Legislation to establish the coastal states' title to oil-rich submerged lands off their shores had been called up for House debate this date, with passage, probably on Wednesday, being a virtual certainty. Proponents of the bill contended that it would ratify what had been accepted practice for 150 years, state ownership of the submerged lands, while opponents denounced it as a steal of perhaps 40 billion dollars in Federal revenue. The Supreme Court had held in 1947 that the Federal Government held dominion and power over the submerged lands in California, and subsequently, in two other cases, the submerged lands in Texas and Louisiana. Former President Truman had twice vetoed legislation to give the states title to the submerged lands, and shortly before departing office, had declared them to be part of the Naval oil reserve. During the campaign, General Eisenhower had said that he would sign such a bill, and had subsequently reaffirmed that position since becoming President. The Senate planned to start debate on its own bill, differing somewhat from the House version, on Wednesday.
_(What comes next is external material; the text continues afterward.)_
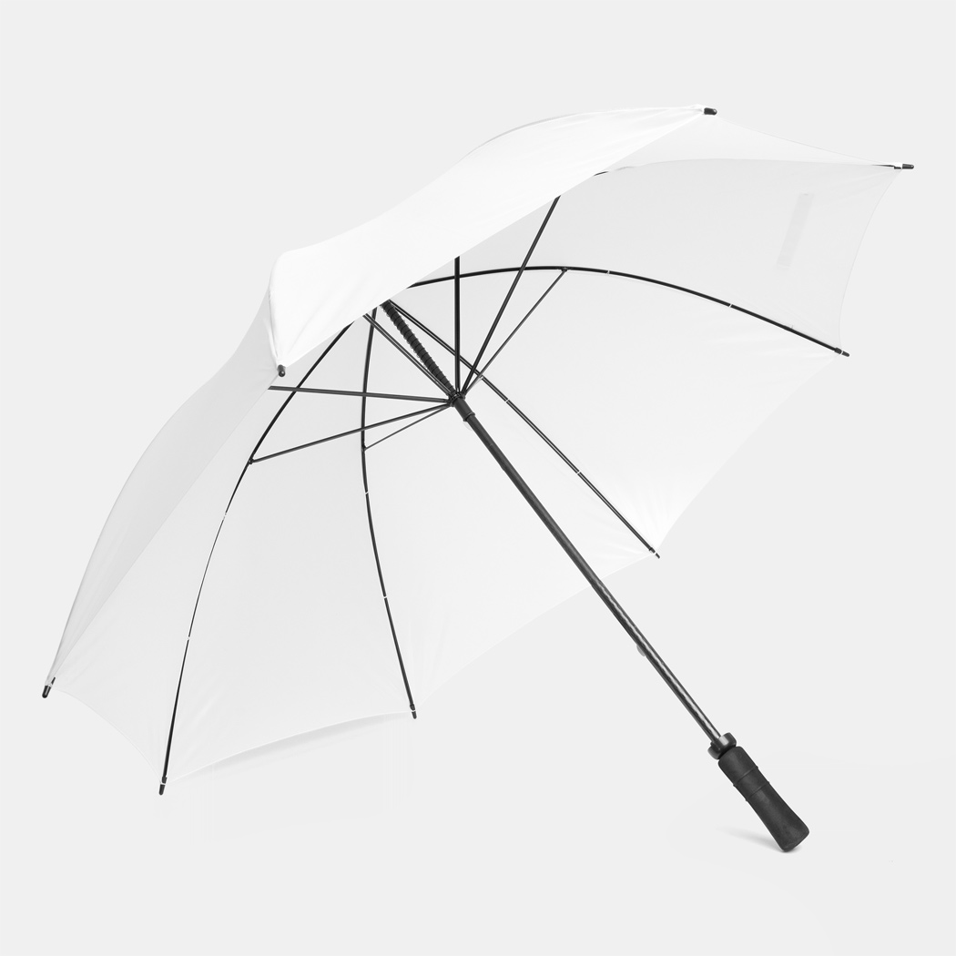 Sturmschirm TORNADO: Fiberglasstock, Doppelmetallspeichen und Rückholautomatik-Feder, Kunststofftips, Moosgummigriff, Polyester-Bespannung, Schließband mit Klettverschluss
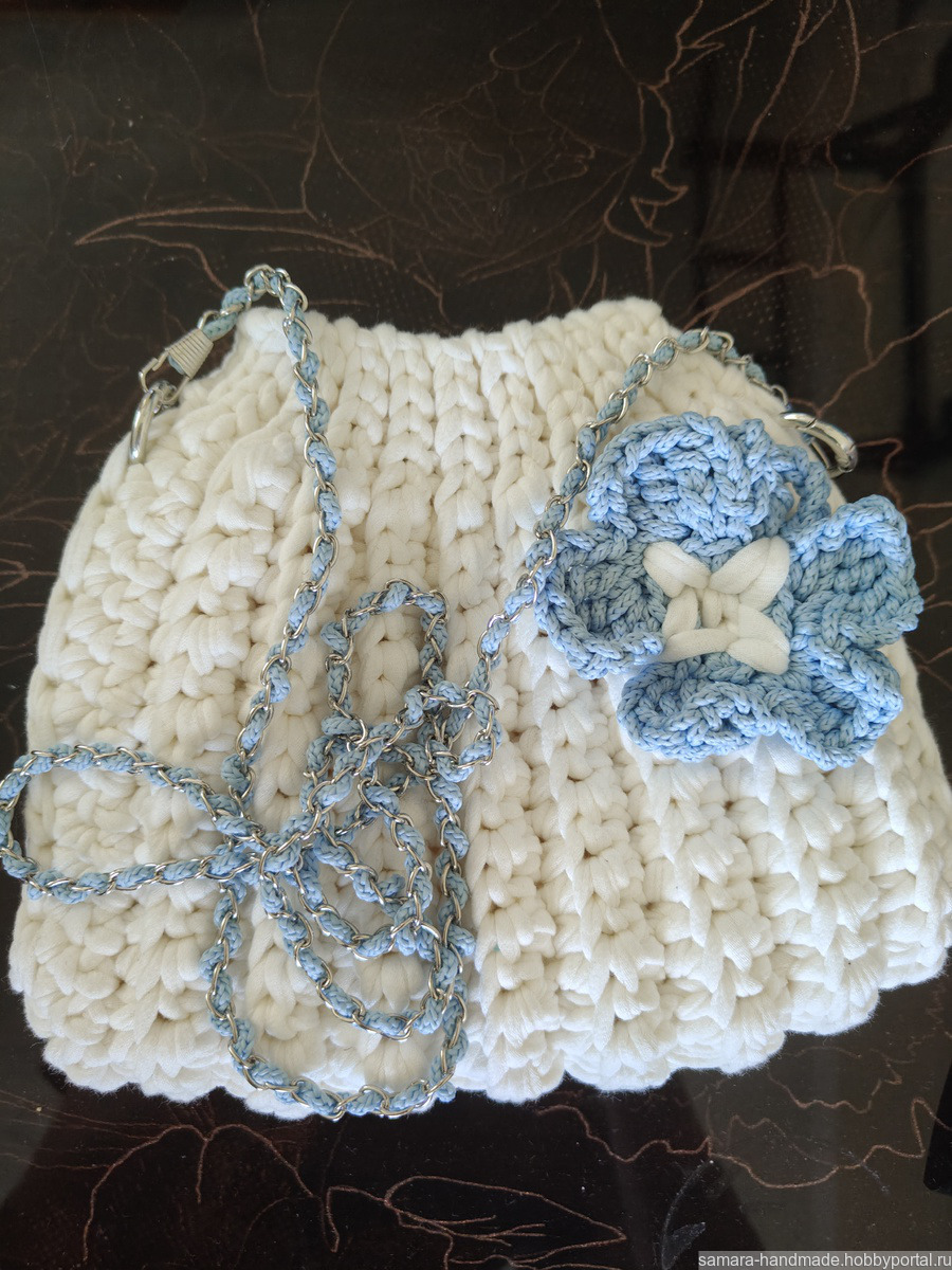Сумка ручной работы из трикотажной пряжи. Размер 16 см на 19 см. Ручка-цепочка 50 см. Можно использовать в качестве клатча или косметички.

In Athens, Greece, returns from weekend by-elections gave nine additional seats to the parliamentary majority held by the Rally party of Premier Marshal Alexander Papagos. It would thus hold 243 of the 300 seats. Calm, orderly balloting had taken place the previous day.

The Navy planned to lay off 141 civilian employees at two air stations in North Carolina, according to Senator Willis Smith this date, in an economy move.

Six airmen were killed and nine injured in the crash of a B-29 in the Azores the previous afternoon, crashing on takeoff, according to the public information office at Hunter Air Force Base in Savannah, Ga., the home base of the aircraft. There were no survivors.

In Salisbury, Southern Rhodesia, a missing Viking airliner with 18 persons aboard was located this date 80 miles southwest of a town in Tanganyika, at the edge of a region of mangrove swamps. The fate of the persons aboard was not yet known. Search parties were organized to hunt for survivors.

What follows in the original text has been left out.